The GUI is available in two different incantations, depending upon the needs of the company using the solution. The GUI is not responsible for any NAC functionality, but rather provides the user with an interface to the solution. All NAC functionality takes place even if the GUI interface isn't being utilized by the end user. Additionally, all NAC functions take place regardless of whether the user is connected to the Internet or VPN'd into the corporate network. Following are the two GUI choices:
Security Client — This client interface provides the end user with basic information as to the security posture of the device.
Connectivity and Security Client — This client interface shows all the information from the Security Client and also includes functionality to facilitate and control connectivity based upon the security posture of the device.
Most companies actually utilize the Connectivity and Security Client. This is because the capability to control and report on mobile connectivity is of value to enterprises. In addition, the actual connectivity itself can be provided as an optional component of the solution. For example, a user could go to a T-Mobile hotspot and connect with the e360 client. The company itself would then be billed for the connection and realize a cost savings. This savings can then be used to help fund the security solution. For static desktop systems, the Security Client would make sense. Figure 8-1 and Figure 8-2 show examples of the two different interface options.

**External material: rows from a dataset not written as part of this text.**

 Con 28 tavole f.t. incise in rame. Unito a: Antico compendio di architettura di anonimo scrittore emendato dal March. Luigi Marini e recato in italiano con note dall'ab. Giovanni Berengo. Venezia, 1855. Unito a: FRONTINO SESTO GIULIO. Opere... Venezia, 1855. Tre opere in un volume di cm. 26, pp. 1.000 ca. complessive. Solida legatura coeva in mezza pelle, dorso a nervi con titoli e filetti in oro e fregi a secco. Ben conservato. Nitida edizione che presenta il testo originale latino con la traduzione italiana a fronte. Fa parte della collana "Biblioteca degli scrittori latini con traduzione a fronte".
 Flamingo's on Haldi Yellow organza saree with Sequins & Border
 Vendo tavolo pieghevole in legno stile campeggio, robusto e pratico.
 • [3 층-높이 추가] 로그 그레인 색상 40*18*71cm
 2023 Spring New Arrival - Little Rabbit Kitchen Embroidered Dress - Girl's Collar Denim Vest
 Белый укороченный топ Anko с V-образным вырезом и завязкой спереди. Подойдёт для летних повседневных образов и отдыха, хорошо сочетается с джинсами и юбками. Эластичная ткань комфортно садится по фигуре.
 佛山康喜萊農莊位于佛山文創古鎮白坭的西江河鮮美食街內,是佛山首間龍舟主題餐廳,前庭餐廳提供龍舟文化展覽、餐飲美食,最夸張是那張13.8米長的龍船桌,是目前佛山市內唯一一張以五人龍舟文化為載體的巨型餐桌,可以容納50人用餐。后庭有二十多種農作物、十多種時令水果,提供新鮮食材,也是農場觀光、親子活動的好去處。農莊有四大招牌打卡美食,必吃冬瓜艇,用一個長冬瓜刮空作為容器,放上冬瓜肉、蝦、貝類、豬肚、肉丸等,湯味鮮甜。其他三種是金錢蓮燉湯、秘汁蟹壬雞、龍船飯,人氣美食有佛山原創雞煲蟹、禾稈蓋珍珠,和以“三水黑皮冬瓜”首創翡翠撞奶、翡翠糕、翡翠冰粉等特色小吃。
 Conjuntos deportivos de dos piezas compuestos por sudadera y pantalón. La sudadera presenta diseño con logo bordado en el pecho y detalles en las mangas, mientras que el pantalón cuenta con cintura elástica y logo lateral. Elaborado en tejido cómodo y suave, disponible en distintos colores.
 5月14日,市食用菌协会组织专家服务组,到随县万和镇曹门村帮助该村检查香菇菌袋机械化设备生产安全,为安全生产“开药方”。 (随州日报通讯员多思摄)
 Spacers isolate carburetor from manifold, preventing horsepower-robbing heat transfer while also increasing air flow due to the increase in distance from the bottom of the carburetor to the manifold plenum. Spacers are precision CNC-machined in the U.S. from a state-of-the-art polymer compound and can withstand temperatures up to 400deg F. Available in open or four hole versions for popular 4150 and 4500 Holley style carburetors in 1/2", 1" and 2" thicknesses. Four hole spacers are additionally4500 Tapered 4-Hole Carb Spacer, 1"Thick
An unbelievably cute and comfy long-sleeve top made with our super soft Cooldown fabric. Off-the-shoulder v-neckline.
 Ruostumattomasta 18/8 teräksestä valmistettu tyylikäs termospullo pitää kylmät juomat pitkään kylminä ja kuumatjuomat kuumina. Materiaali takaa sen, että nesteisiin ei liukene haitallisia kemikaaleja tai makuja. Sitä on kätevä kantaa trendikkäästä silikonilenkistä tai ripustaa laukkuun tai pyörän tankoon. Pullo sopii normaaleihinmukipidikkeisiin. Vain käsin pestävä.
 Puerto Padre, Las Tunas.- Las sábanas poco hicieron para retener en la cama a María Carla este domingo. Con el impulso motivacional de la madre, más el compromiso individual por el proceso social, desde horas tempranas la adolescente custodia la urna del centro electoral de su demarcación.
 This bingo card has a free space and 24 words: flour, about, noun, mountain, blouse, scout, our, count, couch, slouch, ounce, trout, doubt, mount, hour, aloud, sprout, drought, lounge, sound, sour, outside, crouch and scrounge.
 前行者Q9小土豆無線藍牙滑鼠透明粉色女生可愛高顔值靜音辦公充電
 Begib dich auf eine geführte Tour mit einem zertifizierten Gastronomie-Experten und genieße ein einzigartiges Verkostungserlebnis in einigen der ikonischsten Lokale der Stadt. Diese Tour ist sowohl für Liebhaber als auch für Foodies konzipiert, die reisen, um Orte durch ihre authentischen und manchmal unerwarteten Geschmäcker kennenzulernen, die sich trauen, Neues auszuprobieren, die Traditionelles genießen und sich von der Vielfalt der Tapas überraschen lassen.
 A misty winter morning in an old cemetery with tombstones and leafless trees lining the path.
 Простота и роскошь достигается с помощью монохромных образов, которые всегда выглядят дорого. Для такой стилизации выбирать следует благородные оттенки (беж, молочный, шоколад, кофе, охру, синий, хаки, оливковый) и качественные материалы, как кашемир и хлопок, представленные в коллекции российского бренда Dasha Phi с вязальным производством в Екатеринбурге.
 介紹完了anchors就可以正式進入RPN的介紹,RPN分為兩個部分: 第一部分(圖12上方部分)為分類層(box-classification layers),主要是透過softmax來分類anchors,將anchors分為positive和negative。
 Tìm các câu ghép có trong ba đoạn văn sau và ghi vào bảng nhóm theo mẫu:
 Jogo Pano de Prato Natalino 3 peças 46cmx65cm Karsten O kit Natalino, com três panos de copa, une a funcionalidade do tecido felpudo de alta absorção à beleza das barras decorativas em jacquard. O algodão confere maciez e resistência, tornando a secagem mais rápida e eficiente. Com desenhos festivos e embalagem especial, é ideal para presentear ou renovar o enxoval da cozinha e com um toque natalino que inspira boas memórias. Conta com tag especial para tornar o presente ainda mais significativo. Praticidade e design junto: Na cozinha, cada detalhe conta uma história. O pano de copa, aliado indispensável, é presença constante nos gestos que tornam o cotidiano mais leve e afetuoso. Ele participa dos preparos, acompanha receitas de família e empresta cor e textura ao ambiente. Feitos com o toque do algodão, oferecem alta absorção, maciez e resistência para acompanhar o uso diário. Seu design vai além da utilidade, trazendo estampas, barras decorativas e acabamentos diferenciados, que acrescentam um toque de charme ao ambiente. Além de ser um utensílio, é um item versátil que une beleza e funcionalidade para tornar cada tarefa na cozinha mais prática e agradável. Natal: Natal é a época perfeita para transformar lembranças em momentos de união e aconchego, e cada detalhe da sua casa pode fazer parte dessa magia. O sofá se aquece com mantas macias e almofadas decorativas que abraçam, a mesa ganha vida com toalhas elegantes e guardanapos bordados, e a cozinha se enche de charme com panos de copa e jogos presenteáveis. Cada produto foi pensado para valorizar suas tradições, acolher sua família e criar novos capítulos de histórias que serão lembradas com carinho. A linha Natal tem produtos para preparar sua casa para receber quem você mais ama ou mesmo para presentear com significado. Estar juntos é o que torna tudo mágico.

The Mobile NAC policies are set via the Enterprise Management Center (EMC) and optionally in the initial agent installed to reflect the default policies on the server. The EMC infrastructure resides within the redundant Fiberlink NOC. To an administrator, the EMC appears to be one server that is accessible via a web browser. The EMC actually consists of many different servers that perform many different functions. The key point to understand is that none of this infrastructure needs to reside on the customer premise.
For a Mobile NAC solution to be able to work on devices as they are mobile, it is important that the proper topology be used. Specifically, the policy and other servers must be able to communicate and work with the mobile device any time the device is connected to the Internet. The way to accomplish this is to put the Mobile NAC infrastructure in a position where the servers are directly connected to the Internet, which is exactly how this solution is designed.
Timely updates to NAC policies are critical for any NAC solution. With a LAN-based solution, a policy update can be made on a server, and that server is referenced for policies when devices attempt connectivity. There really shouldn't be a significant delay between the time a policy is changed and the time the policy takes effect. With Mobile NAC, the policies themselves must reside locally on each device. The policies, being local, negate the need for the mobile device to talk to a server for NAC functions to take place. This is critical to understand.
For example, if a company wanted a policy that would prohibit public Wi-Fi hotspot access if the security posture of the device is deficient, the NAC solution must know this policy before a connection was even attempted. If the device needs to talk to a server to receive this policy, the Wi-Fi connection must be established for this policy communication to take place, which doesn't make a whole lot of sense.
With this solution, policy updates automatically occur at regular intervals. Any time a connection to the Internet is available, the policies can be automatically retrieved from the policy severs and loaded into the agent on the mobile device. The end user does not need to facilitate this connection, nor does the device need to be on the corporate LAN or VPN'd into the corporate network.
Policy configuration is unique with this solution, because it is offered in software as a software model. While companies are able to dictate exactly what policies are to be put into place and can move users between policies, the actual keypunching to create the policies is done by specially trained Fiberlink personnel. This lessens the learning curve, and helps facilitate a timely deployment of the solution, while still providing companies with complete control of their own policies.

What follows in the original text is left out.